### Your assignment
Restate the data below word for word. Leave the images out.

Supplied material section start

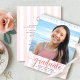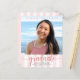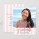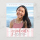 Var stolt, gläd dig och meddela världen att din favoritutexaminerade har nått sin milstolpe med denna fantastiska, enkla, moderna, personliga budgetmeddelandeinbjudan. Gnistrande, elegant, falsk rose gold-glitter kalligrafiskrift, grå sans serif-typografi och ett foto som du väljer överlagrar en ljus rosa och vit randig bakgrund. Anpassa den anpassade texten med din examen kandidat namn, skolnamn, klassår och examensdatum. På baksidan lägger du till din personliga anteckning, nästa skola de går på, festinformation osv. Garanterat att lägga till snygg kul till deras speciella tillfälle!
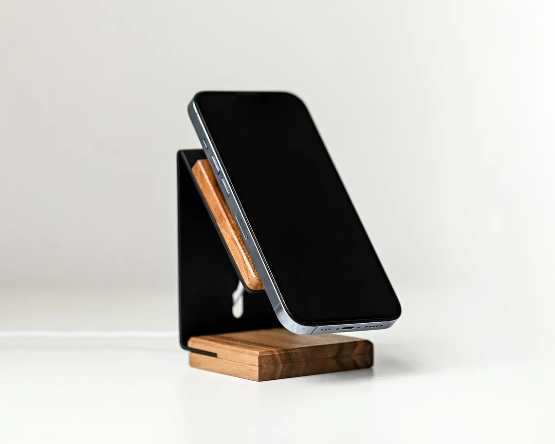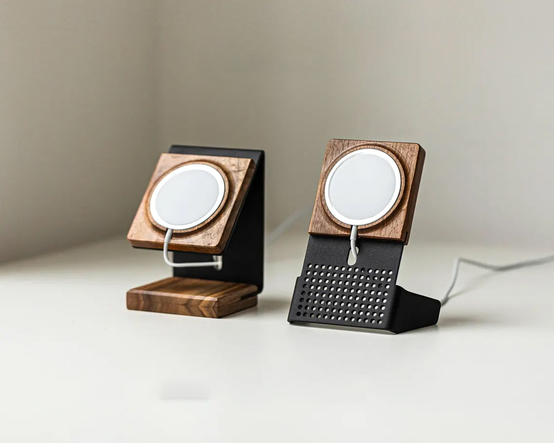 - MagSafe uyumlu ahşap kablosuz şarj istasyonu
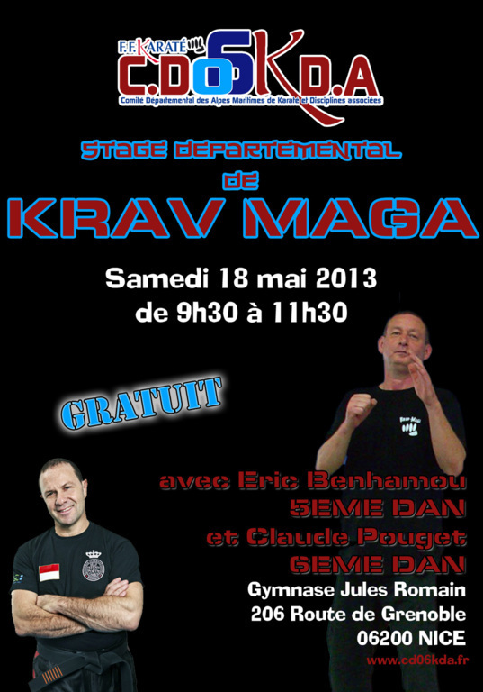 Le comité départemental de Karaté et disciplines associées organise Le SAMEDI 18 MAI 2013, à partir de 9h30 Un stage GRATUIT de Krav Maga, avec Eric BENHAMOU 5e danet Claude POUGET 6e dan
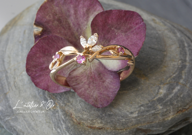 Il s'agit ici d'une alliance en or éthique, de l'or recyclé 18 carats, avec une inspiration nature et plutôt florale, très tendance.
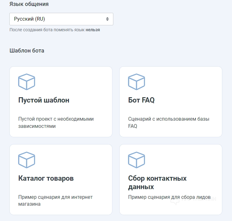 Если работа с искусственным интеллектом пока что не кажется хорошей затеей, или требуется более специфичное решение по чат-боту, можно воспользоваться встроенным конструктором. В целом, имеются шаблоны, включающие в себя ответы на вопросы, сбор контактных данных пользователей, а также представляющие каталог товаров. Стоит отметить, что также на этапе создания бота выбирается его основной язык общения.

Supplied material section end

### Answer to this task
 Var stolt, gläd dig och meddela världen att din favoritutexaminerade har nått sin milstolpe med denna fantastiska, enkla, moderna, personliga budgetmeddelandeinbjudan. Gnistrande, elegant, falsk rose gold-glitter kalligrafiskrift, grå sans serif-typografi och ett foto som du väljer överlagrar en ljus rosa och vit randig bakgrund. Anpassa den anpassade texten med din examen kandidat namn, skolnamn, klassår och examensdatum. På baksidan lägger du till din personliga anteckning, nästa skola de går på, festinformation osv. Garanterat att lägga till snygg kul till deras speciella tillfälle!
 - MagSafe uyumlu ahşap kablosuz şarj istasyonu
 Le comité départemental de Karaté et disciplines associées organise Le SAMEDI 18 MAI 2013, à partir de 9h30 Un stage GRATUIT de Krav Maga, avec Eric BENHAMOU 5e danet Claude POUGET 6e dan
 Il s'agit ici d'une alliance en or éthique, de l'or recyclé 18 carats, avec une inspiration nature et plutôt florale, très tendance.
 Если работа с искусственным интеллектом пока что не кажется хорошей затеей, или требуется более специфичное решение по чат-боту, можно воспользоваться встроенным конструктором. В целом, имеются шаблоны, включающие в себя ответы на вопросы, сбор контактных данных пользователей, а также представляющие каталог товаров. Стоит отметить, что также на этапе создания бота выбирается его основной язык общения.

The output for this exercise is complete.